Failure Handling
There are many failure scenarios in any distributed system. Big Peer leans heavily on a durable transaction log for many failure scenarios, and replicated copies of data for many others. Safety in Big Peer (bad things never happen) has been discussed at length above, in UST, and Transitions, and how Causally Consistent reads occur. Liveness, however, depends on every replica contributing to the UST. The UST (and GC timestamp) are calculated from gossip from every node. If any node is down, partitioned by the network, slow, or in some other way broken, it impacts the progress of the cluster. Yes, Big Peer can still accept writes, and serve (ever staler) reads, but the UST won't rise, Transitions won't finish and GC will stall (leading to many versions on disk.)
It is possible in future that we make some changes to how the UST is calculated, and use a quorum of nodes from a partition, or the single highest maximum transaction from a partition. The trade-off being that query routing becomes more complex, and in the event that the node that set the UST high then becomes unavailable...something has to give in terms of consistency. These trade-offs are mutable, we can re-visit them, we favoured safety in the current iteration of the design.
If some nodes are keeping the UST down, and slowing or halting progress, the bad node(s) can be removed.
In this first iteration of Big Peer we have the blunt, expedient tool available to us of killing and removing a node that is bad. The process is simple. Update the Current Config to remove the offending node(s) and signal the remaining servers. They will immediately no longer route to that node, use that node in their calculations, or listen to gossip from that node. This is fine as long as at least one node in each partition of the map is left standing.
As soon as the offending nodes are removed the data is under-replicated. At once add replacement nodes by performing a transition as above. For example, imagine p1r2 has become unresponsive. Remove it from the Current Config, create a Next Config with a new server to take the place of p1r2, store the configs in the Strongly Consistent metadata store, and signal the nodes. The new node will begin to consume transactions and backfill, and the UST will rise etc.
As described in the first Backfill section, it is possible, with a long network incident and a short log retention policy, that some transactions are missed. If all the replicas for a partition miss some intersecting subset of transactions, that data has been missed, and it is lost. This should never happen. If it does, we don't want to throw away the Big Peer cluster, and all the good data. Progress must still be made. In this case each replica of the partition understands from the IntervalMaps that some transaction T has been missed. After doing a strongly consistent read of the metadata store, to check that no server in the next config exists that may have the data, the replicas agree unilaterally to pretend that really they did store this data, and they splice it into their IntervalMaps. The UST rises, and progress is made.
It is essential to understand this is a disaster scenario, and not business as usual, but disasters happen, and they should be planned for.

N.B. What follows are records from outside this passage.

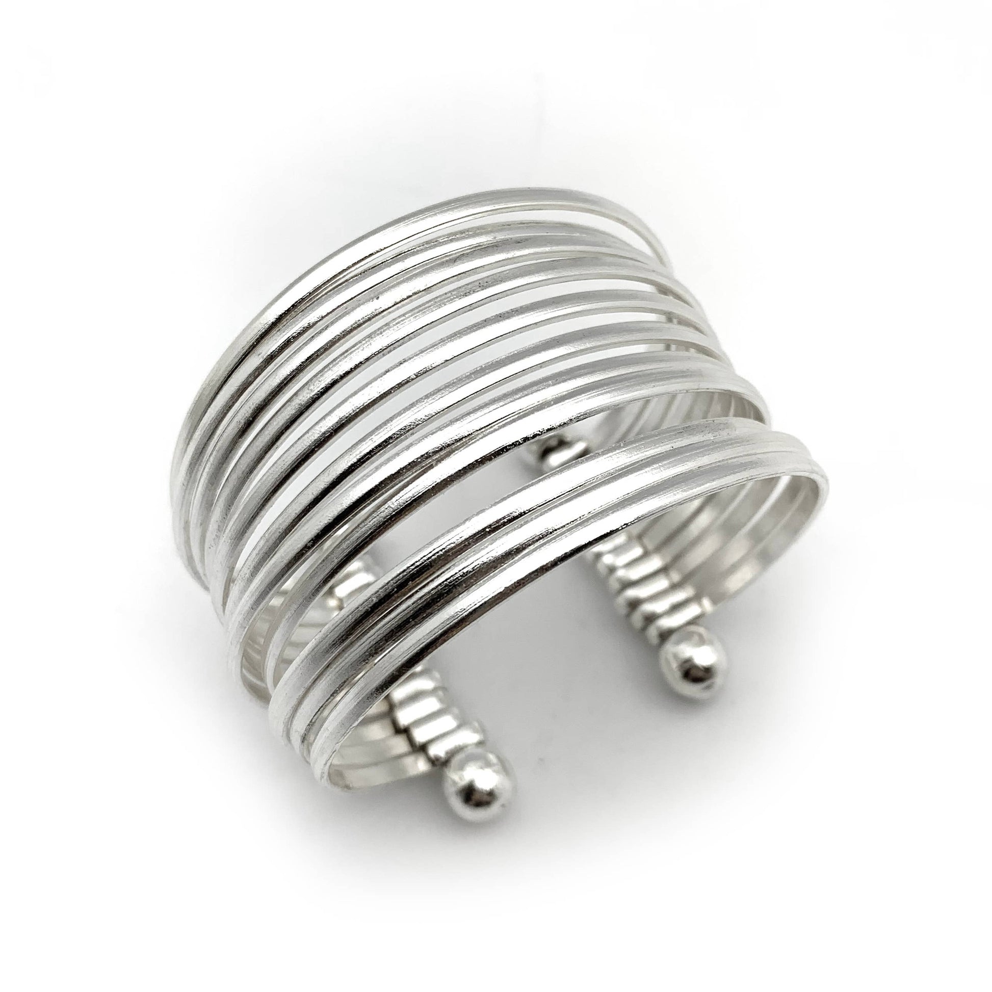 Silver Plated Smooth Bands Adjustable Cuff Bracelet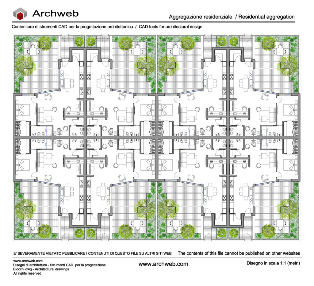 L’aggregazione evidenzia un sistema residenziale orizzontale, pensato per insediamenti a bassa densità, in cui la ripetizione delle unità consente efficienza progettuale e costruttiva, mantenendo al tempo stesso una buona articolazione degli spazi verdi e delle aree di affaccio.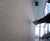 松戸市Sマンションの外壁塗装が終わり、開放廊下・ベランダの防水工事に入ります。防水工事の下地処理としてクラック(亀裂)部にはシーリング処理をして、その後にセメントモルタルを配合したプライマーを床コンクリートに巣穴が出来ないように塗布していきます。 |

We do everything we can to never lose data, including a replicated durable transaction log with a long retention policy.
In order to not be required to query Big Peer for all data requested by Small Peers, all the time, the Subscription Server maintains a sophisticated, causally consistent, in-memory cache of a data. The data it chooses to cache is based on the Subscriptions of the Small Peers connected to it. By routing devices to a Subscription Server by AppId, we increase the likelihood that the devices have an overlapping set of Subscriptions and share common data in the cache.
The document cache takes data from the mesh clients and puts it on the log as transactions. It also consumes from the log, so that it can keep the data in the cache up to date, without querying Big Peer. Any documents that it observes on the log, that are potentially of interest to the cache, must first be "Upqueried" from Big Peer to populate the cache. As a cache becomes populated Upqueries decrease in size and number.
As clients disconnect, if any data is no longer required in the cache, it is eventually garbage collected away.